Baby Elijah’s family reject Coroner’s Finding | 19 Apr 2013
Doctors were not to blame for the death of a Victorian baby who was transferred between 5 hospitals before dying from bacterial meningitis, a Sydney coroner has ruled.
Delivering her findings at Glebe Coroner’s Court today, deputy state coroner Carmel Forbes ruled the death of Elijah Slavkovic was due to “natural causes”.
He was initially admitted to Pambula Hospital on the NSW south coast, where the family was on holiday, on April 24, 2009, before being transferred to Bega District Hospital, Canberra, Sydney and finally Melbourne as his condition deteriorated.
In her findings, Ms Forbes said blame for Elijah’s death could not be apportioned to any of the medical staff that treated him.
“Elijah’s story does not reveal that any of his treating clinicians were uncaring or unskilled,” she said.
Outside the court, a patient advocate group described the findings as “disappointing”.
“I think Elijah’s mother and family would be very disappointed in the findings made today by the coroner,” Lorraine Long, founder of the Medical Error Action Group, told reporters.

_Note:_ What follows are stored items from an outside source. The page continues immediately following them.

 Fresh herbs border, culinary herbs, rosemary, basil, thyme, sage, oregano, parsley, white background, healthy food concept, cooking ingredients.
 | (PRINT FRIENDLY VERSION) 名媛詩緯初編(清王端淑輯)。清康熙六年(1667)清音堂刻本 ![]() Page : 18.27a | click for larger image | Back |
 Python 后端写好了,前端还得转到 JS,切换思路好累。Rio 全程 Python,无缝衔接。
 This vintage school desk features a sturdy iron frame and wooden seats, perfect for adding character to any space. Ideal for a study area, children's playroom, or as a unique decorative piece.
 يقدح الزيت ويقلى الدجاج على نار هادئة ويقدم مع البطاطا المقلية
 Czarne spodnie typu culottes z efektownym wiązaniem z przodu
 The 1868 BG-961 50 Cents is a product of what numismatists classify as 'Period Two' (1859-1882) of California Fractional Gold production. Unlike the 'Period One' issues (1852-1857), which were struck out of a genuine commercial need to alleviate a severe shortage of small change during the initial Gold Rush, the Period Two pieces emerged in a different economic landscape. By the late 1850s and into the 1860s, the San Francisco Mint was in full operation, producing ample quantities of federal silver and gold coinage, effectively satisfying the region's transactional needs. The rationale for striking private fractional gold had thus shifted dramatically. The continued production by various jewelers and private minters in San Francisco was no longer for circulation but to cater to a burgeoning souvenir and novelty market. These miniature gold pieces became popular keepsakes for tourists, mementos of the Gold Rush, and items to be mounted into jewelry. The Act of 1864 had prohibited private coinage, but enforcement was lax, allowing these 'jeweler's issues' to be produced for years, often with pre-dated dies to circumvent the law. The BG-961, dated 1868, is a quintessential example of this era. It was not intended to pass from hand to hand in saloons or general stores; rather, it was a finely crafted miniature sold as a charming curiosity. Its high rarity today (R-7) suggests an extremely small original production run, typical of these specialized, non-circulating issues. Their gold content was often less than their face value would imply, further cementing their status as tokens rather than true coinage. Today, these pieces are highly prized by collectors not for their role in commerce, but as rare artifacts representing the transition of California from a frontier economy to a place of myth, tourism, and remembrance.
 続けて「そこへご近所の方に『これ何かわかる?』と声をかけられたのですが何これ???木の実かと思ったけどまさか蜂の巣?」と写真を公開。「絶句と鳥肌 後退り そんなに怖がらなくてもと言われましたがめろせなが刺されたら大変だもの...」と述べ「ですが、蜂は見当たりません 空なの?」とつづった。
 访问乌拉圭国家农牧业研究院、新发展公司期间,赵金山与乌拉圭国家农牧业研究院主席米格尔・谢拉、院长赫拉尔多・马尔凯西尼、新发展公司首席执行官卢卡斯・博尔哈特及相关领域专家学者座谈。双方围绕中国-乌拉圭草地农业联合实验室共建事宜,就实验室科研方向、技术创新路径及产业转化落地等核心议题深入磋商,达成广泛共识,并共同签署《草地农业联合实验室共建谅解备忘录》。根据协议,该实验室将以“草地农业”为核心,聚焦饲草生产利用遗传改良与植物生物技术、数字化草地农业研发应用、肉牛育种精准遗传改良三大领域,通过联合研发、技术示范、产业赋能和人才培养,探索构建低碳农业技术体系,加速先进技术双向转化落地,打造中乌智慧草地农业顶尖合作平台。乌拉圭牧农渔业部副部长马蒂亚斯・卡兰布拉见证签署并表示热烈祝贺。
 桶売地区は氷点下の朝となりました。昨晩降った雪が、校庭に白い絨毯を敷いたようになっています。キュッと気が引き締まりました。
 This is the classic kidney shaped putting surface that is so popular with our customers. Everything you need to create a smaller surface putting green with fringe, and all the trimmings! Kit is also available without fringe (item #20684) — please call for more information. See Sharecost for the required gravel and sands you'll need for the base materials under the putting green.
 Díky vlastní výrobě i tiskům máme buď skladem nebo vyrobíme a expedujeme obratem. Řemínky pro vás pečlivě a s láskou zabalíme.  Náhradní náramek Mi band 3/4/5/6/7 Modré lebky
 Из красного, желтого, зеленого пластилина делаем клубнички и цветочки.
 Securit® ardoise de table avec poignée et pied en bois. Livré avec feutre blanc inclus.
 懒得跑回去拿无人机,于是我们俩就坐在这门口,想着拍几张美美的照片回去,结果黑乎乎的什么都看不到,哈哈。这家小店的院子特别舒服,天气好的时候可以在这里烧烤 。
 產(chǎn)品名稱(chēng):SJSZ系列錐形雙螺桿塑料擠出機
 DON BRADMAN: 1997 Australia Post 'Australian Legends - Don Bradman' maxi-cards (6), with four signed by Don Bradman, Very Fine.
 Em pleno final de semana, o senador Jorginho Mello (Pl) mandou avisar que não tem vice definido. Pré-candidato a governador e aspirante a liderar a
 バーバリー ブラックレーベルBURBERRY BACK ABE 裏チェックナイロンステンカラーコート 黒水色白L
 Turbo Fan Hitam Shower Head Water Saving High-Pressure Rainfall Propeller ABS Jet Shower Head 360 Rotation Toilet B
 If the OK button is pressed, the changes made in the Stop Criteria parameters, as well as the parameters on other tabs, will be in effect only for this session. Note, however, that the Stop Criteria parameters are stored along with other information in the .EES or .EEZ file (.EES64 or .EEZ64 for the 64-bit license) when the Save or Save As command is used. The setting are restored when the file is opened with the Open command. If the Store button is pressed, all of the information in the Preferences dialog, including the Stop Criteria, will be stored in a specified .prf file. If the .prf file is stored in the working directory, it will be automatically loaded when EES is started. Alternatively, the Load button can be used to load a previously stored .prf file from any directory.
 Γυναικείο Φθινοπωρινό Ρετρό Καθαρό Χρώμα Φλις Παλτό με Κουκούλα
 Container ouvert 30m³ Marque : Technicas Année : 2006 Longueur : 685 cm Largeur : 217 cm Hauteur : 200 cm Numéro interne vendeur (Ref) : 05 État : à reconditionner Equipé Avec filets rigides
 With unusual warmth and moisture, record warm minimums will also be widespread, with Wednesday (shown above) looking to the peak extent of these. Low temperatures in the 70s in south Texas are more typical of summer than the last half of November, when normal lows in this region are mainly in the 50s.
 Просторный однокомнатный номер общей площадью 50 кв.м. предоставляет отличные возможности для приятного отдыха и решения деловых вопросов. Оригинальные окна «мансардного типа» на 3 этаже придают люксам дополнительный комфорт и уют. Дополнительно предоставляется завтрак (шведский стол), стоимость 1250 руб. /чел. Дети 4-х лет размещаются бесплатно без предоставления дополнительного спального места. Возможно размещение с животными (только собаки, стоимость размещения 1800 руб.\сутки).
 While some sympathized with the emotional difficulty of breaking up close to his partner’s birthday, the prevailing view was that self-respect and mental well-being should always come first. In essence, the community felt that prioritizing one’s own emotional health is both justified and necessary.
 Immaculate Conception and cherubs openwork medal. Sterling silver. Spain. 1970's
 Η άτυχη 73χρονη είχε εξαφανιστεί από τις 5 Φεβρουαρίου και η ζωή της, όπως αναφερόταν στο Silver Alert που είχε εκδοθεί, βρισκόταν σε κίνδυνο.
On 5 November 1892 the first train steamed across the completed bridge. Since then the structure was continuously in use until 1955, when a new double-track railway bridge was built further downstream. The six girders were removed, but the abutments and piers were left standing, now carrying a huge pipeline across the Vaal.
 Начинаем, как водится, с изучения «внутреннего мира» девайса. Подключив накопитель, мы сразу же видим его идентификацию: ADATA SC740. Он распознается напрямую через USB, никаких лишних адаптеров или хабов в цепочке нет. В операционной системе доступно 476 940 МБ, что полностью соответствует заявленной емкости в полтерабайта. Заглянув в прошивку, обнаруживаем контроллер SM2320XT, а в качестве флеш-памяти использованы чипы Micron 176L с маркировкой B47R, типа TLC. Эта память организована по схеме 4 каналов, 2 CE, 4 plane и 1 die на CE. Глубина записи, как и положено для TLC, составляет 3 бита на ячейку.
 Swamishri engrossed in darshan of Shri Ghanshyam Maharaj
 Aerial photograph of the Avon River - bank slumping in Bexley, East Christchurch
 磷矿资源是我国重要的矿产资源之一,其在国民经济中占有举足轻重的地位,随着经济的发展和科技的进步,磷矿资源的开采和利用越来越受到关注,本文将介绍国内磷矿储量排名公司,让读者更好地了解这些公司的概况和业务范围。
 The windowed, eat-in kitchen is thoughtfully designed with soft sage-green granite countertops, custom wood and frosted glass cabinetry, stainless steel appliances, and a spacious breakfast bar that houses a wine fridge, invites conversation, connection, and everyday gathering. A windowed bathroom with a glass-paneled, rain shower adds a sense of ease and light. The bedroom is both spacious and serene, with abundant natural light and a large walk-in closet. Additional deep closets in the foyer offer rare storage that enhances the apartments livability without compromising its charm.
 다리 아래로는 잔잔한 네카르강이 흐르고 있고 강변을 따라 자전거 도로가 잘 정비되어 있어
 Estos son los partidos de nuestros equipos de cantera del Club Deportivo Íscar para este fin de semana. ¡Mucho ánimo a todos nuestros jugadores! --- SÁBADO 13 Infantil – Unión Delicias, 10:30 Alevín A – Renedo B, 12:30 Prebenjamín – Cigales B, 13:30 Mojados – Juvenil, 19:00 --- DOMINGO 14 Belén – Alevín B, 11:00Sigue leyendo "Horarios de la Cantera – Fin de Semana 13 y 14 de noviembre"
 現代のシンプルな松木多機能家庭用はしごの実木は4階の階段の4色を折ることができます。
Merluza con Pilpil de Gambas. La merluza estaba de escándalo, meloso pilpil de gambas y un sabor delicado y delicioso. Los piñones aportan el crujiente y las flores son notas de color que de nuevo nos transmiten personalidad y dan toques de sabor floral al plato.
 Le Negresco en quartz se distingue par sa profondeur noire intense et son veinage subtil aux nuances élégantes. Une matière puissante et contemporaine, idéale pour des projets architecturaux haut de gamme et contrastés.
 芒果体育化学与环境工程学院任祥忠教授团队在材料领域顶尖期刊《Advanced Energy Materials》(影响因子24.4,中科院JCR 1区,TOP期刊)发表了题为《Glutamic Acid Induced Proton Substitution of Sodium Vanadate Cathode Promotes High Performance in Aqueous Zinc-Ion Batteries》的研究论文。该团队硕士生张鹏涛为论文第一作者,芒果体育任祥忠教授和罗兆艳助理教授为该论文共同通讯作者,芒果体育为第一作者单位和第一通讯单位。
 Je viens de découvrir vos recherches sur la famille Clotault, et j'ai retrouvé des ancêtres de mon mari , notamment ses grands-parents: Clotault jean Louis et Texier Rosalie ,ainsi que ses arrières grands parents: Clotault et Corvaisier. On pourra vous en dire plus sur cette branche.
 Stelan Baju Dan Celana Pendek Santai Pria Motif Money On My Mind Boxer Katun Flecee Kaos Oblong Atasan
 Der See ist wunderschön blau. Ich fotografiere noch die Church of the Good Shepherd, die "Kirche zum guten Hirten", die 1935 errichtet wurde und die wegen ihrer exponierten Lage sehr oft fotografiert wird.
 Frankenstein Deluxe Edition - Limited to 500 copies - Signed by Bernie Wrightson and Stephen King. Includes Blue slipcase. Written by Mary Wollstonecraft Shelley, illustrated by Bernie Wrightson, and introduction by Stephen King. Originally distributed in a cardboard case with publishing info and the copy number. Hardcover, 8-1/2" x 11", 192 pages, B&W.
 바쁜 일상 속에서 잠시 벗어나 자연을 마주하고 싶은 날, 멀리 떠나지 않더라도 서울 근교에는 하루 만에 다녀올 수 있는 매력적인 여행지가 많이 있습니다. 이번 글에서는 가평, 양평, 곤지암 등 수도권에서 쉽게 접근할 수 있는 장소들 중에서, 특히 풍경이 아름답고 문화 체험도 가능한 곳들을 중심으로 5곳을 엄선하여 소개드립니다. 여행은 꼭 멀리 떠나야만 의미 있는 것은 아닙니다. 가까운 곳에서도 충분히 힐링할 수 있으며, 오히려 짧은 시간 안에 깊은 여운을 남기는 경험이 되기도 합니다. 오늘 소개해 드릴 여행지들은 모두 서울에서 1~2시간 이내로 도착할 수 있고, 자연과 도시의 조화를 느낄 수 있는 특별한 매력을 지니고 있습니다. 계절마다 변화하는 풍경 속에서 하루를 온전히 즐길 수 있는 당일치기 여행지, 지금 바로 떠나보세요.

“No clinicians unskilled? I don’t think so. The VMOs of both Pambula and Bega hospitals were unskilled.”
“Why should it take a case such as this to be on the front page of newspapers to make a change in the system?”
Ms Long said that while progress had been made in the health system since Elijah’s death, Bega and Pambula Hospitals remained “very much on the group’s radar”.
“We should have competent doctors in every country hospital,” she said.